▸ WHAT IS NEEDED
Below are lines of data, and only some are wanted. Please repeat exactly those from the line that has "ست ساعت زنانه" through the line that has "45+4’ Adzic thực".

Start of SOURCE DATA

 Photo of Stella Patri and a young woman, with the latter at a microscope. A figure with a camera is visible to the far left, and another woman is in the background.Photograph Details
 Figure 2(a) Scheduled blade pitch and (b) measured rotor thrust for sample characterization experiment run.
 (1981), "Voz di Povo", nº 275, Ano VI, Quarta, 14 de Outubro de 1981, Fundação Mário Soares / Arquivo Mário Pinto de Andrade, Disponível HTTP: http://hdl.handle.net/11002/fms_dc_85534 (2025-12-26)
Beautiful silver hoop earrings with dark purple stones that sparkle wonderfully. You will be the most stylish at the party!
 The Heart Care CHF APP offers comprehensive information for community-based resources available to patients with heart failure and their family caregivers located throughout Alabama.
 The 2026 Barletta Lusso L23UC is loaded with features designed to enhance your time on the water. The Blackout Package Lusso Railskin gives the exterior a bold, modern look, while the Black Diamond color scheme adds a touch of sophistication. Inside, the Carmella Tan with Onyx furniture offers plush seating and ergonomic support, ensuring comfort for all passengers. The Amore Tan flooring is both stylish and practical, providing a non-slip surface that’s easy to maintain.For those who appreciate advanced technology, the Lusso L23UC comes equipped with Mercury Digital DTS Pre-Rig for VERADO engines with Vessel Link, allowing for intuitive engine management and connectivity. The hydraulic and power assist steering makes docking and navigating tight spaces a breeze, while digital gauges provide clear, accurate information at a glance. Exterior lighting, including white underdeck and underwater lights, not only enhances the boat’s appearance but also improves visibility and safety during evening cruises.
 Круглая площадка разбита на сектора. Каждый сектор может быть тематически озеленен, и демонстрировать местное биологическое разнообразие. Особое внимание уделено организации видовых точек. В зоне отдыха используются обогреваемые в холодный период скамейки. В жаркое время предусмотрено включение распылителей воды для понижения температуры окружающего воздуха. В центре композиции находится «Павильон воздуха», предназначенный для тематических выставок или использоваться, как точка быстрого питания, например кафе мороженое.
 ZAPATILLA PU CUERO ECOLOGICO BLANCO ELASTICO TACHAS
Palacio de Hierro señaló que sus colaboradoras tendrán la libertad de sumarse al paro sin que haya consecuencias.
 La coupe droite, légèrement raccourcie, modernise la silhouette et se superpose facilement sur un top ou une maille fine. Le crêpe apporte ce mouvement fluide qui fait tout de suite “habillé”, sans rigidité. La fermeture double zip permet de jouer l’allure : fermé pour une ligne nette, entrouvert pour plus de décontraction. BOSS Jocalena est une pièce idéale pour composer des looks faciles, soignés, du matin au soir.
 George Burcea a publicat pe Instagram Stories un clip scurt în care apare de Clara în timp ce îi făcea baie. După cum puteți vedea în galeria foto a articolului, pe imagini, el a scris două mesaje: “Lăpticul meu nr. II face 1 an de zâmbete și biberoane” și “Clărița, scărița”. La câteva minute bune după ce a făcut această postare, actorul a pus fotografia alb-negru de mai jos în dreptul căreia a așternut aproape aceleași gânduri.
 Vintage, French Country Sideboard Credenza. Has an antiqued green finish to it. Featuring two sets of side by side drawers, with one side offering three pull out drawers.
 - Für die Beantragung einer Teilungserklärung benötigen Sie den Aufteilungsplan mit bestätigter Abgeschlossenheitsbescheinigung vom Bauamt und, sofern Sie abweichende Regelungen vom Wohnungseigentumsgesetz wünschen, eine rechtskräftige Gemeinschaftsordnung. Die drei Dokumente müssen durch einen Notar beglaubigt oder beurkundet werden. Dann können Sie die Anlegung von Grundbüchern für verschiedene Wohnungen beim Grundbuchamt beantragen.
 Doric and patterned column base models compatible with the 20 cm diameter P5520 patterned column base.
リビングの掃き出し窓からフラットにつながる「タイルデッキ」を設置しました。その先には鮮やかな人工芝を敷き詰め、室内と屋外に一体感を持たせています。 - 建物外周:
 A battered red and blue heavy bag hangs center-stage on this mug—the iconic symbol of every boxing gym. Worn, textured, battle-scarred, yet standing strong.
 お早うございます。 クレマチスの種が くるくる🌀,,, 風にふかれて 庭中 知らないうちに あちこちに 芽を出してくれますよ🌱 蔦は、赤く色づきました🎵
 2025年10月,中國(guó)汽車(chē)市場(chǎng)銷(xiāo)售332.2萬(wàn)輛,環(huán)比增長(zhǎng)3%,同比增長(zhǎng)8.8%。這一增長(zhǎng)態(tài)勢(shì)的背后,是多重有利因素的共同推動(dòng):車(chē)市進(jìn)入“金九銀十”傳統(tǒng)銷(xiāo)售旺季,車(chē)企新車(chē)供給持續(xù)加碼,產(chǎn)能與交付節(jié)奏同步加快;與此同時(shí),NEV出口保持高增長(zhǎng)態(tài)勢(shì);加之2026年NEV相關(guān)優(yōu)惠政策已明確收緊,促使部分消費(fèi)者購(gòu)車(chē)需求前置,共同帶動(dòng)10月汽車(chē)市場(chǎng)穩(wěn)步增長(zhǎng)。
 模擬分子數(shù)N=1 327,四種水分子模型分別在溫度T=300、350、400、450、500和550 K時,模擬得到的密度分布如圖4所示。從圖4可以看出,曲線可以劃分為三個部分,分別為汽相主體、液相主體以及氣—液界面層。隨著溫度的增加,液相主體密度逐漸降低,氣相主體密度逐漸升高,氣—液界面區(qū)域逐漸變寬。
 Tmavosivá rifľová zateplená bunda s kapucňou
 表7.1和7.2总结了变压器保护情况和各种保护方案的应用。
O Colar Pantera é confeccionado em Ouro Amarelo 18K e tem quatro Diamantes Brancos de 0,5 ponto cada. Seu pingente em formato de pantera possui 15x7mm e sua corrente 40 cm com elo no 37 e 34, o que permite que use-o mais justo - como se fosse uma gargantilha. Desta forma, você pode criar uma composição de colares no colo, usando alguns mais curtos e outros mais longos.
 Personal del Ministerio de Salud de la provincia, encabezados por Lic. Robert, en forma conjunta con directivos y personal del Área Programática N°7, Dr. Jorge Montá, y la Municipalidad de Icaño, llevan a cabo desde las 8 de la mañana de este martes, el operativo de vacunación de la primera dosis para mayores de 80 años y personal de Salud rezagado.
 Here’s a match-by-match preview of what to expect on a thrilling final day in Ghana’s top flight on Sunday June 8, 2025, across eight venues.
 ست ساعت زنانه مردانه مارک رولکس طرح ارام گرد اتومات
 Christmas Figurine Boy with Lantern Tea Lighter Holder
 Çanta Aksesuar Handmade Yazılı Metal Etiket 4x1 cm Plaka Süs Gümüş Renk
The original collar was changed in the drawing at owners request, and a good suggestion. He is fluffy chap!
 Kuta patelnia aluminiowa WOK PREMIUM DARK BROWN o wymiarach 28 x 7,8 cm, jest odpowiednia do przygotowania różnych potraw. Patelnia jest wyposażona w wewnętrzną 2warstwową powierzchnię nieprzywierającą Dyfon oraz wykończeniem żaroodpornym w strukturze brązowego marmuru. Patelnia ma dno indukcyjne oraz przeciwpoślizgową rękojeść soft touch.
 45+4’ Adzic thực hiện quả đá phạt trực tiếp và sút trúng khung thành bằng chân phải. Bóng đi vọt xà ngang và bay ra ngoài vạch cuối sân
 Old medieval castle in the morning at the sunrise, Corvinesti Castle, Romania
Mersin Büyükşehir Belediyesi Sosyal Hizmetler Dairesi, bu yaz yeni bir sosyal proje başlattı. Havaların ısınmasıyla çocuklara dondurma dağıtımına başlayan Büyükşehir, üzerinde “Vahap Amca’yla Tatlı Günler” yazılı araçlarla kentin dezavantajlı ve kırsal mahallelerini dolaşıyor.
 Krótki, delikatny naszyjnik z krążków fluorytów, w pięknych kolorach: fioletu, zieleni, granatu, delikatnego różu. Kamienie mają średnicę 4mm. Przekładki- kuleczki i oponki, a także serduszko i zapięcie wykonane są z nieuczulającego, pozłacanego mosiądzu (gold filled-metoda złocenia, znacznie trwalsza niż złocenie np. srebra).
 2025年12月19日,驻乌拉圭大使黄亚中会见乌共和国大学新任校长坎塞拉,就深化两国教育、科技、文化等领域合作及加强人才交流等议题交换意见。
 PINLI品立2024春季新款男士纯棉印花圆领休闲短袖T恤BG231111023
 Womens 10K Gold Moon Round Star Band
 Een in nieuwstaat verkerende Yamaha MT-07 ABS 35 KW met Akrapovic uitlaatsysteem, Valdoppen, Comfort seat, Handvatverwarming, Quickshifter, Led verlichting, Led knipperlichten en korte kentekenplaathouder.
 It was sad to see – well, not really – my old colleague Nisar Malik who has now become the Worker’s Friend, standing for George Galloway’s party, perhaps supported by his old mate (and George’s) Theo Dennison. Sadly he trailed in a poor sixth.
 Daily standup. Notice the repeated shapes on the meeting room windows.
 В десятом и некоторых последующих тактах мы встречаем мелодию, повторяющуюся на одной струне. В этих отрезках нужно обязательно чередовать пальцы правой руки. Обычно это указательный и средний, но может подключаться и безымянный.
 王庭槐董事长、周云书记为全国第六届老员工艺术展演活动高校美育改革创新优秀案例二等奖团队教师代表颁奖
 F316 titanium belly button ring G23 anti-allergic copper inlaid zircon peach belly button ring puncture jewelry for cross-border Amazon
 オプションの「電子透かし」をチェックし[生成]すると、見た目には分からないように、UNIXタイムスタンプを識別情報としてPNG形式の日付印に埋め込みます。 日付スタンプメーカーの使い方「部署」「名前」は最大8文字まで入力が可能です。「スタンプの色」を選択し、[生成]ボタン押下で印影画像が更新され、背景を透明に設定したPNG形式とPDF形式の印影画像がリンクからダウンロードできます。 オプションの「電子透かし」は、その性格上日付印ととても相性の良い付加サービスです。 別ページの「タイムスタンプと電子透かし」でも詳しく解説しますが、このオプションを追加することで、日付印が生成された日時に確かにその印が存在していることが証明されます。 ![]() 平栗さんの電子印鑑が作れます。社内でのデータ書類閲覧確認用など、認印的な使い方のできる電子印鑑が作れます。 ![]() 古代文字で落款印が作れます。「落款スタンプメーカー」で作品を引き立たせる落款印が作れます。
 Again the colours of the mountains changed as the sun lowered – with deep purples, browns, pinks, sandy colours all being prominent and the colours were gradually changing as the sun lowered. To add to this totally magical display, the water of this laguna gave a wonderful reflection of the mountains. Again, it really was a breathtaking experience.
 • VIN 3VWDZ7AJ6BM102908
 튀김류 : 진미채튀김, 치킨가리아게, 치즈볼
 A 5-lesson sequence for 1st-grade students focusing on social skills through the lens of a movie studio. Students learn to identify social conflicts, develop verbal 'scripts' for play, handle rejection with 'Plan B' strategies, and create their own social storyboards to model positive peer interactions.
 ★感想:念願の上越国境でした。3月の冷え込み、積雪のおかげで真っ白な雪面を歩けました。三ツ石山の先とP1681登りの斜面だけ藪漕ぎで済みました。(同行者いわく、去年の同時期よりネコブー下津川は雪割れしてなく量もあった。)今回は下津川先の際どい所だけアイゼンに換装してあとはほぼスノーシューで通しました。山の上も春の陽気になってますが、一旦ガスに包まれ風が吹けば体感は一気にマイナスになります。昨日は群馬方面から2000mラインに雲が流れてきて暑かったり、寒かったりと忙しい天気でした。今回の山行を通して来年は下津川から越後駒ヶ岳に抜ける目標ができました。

End of SOURCE DATA

▸ TASK ANSWER
 ست ساعت زنانه مردانه مارک رولکس طرح ارام گرد اتومات
 Christmas Figurine Boy with Lantern Tea Lighter Holder
 Çanta Aksesuar Handmade Yazılı Metal Etiket 4x1 cm Plaka Süs Gümüş Renk
The original collar was changed in the drawing at owners request, and a good suggestion. He is fluffy chap!
 Kuta patelnia aluminiowa WOK PREMIUM DARK BROWN o wymiarach 28 x 7,8 cm, jest odpowiednia do przygotowania różnych potraw. Patelnia jest wyposażona w wewnętrzną 2warstwową powierzchnię nieprzywierającą Dyfon oraz wykończeniem żaroodpornym w strukturze brązowego marmuru. Patelnia ma dno indukcyjne oraz przeciwpoślizgową rękojeść soft touch.
 45+4’ Adzic thực hiện quả đá phạt trực tiếp và sút trúng khung thành bằng chân phải. Bóng đi vọt xà ngang và bay ra ngoài vạch cuối sân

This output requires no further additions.